Na cedência mútua de interesses
conflituantes, pacificou-se a população. Descobriu-se a Paz. O “Homem da luz”
transfigurou-se em “Obreiro da Paz”. Diante de casos como este, lembro-me de
José Régio naquele tão mimoso e tocante poema “Colegial”: “Isto de ser grande não é como se nos pinta”.
Nunca
mais tivemos oportunidade de falar. Quando a comunicação social noticiou a sua morte (nos ainda jovens 68
anos de idade) curvei-me sentidamente diante da sua memória e da sua humildade
criadora de soluções, predicados tão raros em quem exerce o poder.

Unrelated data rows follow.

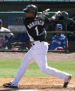 Emilio José Bonifácio Del Rosario (born April 23, 1985) is a Dominican professional baseball utility player for the Guerreros de Oaxaca of the Mexican League, who also captains the Tigres del Licey of the Dominican Professional Baseball League. He has previously played in Major League Baseball (MLB) for the Arizona Diamondbacks, Florida/Miami Marlins, Toronto Blue Jays, Kansas City Royals, Chicago Cubs, Chicago White Sox, Atlanta Braves, and Washington Nationals. Primarily a second baseman and center fielder throughout his career, Bonifácio has also played right field and third base.
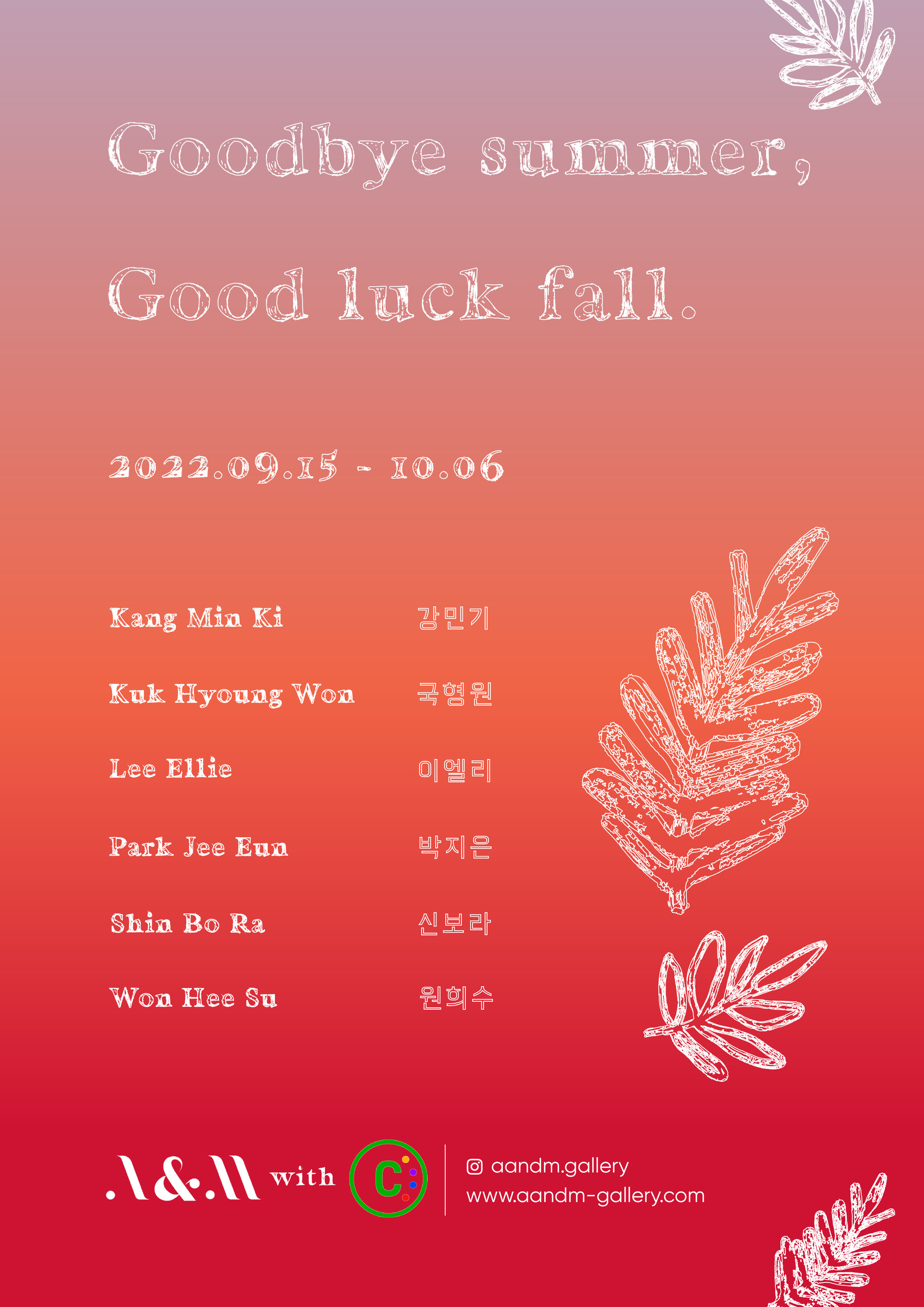 여름이 지나고 새로운 계절, 가을을 맞이하며 우리가 놓쳤던 여름날의 추억을 되새기며 일상의 환기, 마음의 감각을 깨우는 시간을 보낼 수 있기를 바라는 마음으로 <Goodbye summer, Good luck fall>을 선보입니다.
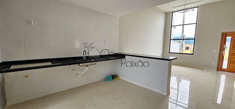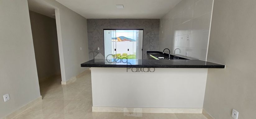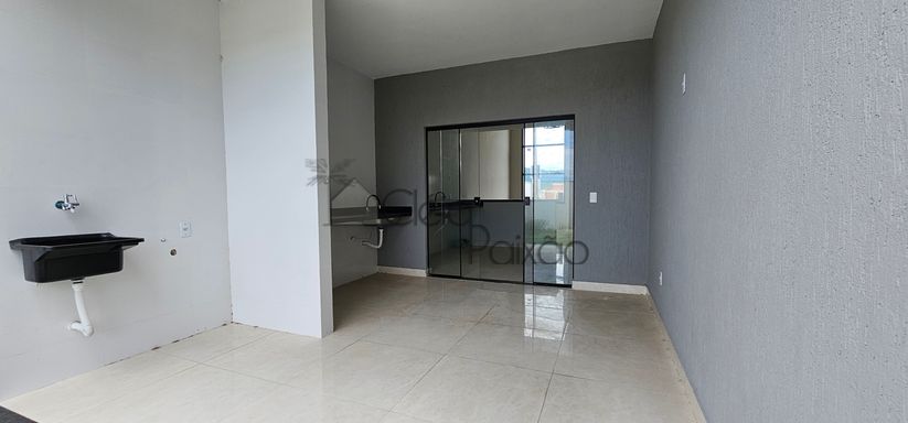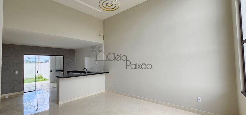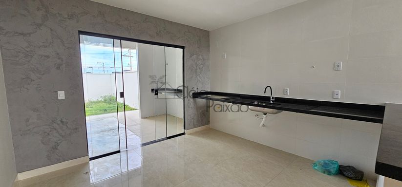 Excelente casa com 3 quartos sendo 1 suíte, ampla sala, cozinha, banheiro social, área gourmet integrada à cozinha, área de serviço, vaga na garagem e quintal gramado.
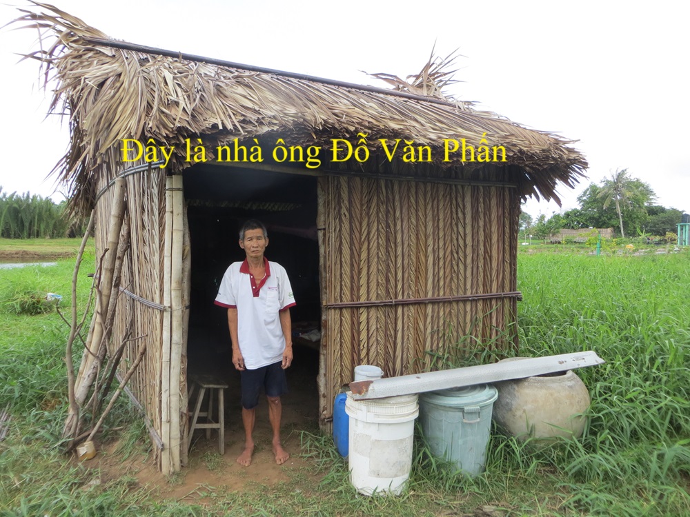 Mr. Đỗ Văn Phấn, 65 years old. He suffers from liver disease caused by excessive drinking in his youth. He is homeless. Local residents arranged for him to have a small piece of land and helped build a temporary hut for him. He lives alone, without electricity or water, in An Ninh Hamlet, An Qui Commune, Thạnh Phú District, now An Qui Commune, Vĩnh Long Province.
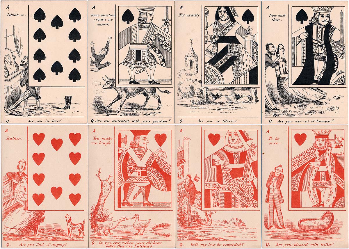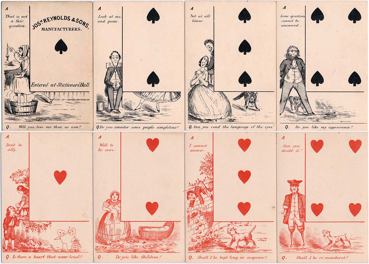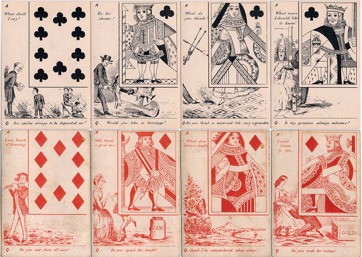 Above: Comic Question & Answer cards by Josh. Reynolds & Sons, circa 1850. 52 cards, plain backs. From the collection of Barney Townshend.
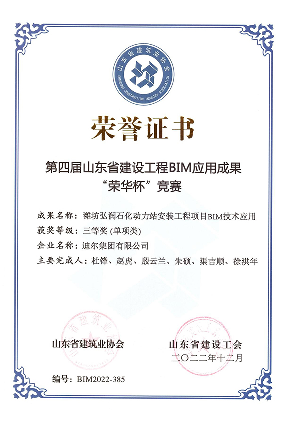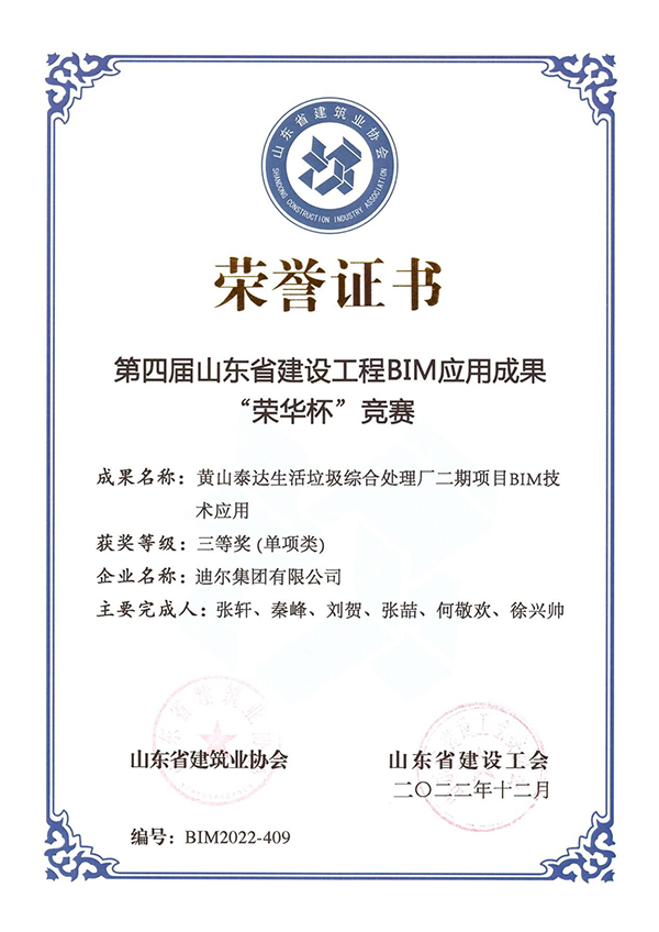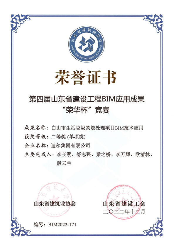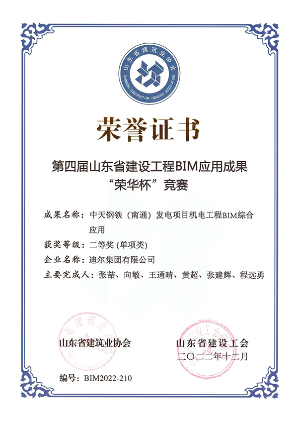 近日,由山東省建筑業(yè)協(xié)會(huì )、山東省建設工會(huì )聯(lián)合主辦的第四屆山東省建設工程BIM應用成果“榮華杯”競賽結果評獎揭曉,迪爾集團有限公司經(jīng)專(zhuān)家評審、終評答辯和公示等環(huán)節,最終獲得二等獎2項、三等獎2項的優(yōu)異成績(jì)
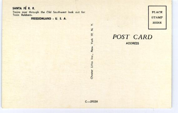 I've recently seen on Ebay a series of Freedomland postcards that are photographs, not the Hallmark-type artwork. Here are some of the ones I've come across. I now own 2 of these, and I've marked those that I have.
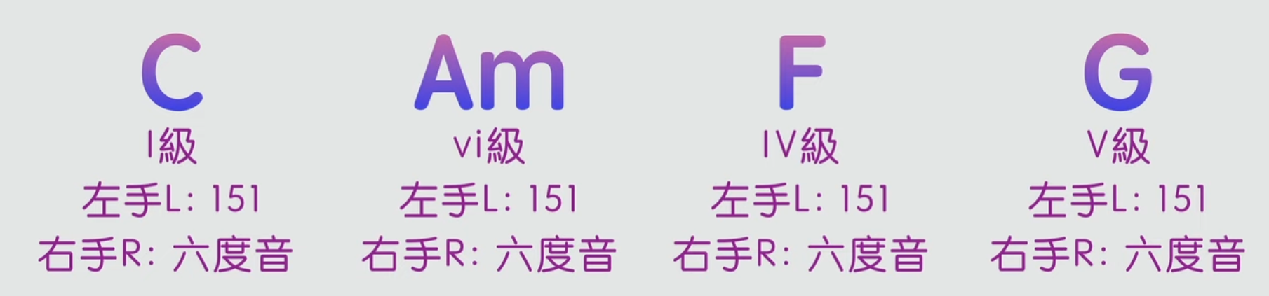 1. 左手彈根音-五音-根音(151)的固定模式
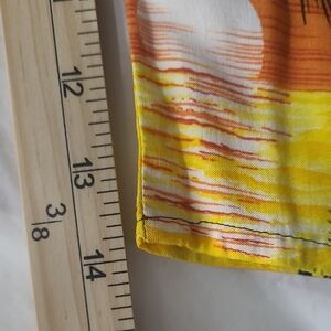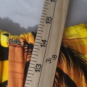 Vibrant yellow and orange shorts with a tropical palm trees and sunset design. Perfect for a beach day.

À chuva
miudinha, pranto de Agosto, que me traz estas reconfortantes reminiscências,
peço-lhe que lhe leve o preito sincero da minha homenagem.
Post
Scriptum: para não empanar o brilho deste momento evocativo, ainda não
satisfiz a dúvida latente nalguns leitores, ou seja: Por que razão foram
retirados, tão bruscamente e sem aviso prévio, os projectores do adro da
Ribeira Seca? Respondo muito sucintamente: Porque, no dia anterior, tinha
havido Eleições Regionais na Madeira – e nas assembleias de voto da Ribeira
Seca saiu, como sempre, perdedor o habitual ganhadores da Região… “Malhas que o Império tece”!...
Não percebi esta dos projetores! Foram retirados e depois pagando metade do preço já poderiam colocar?? Bem, não estou dentro do assunto e como tal não percebo!!
ResponderEliminarRecordo-me desta trabalhada e, julgo, ter sido um procedimento ético e financeiro encontrado pelo Presidente da EEM para justificar ao homem "para Machico nem mais um tostão..." a recolocação dos projetores nos postos em torno da catedral da Senhora do Amparo. São memórias de uma identidade de resistência de gentes e de lugares do nosso tempo, as quais, se tornam extinguíveis caso falte a ousadia e a coragem de as divulgar e registar nos anais imperdíveis da história.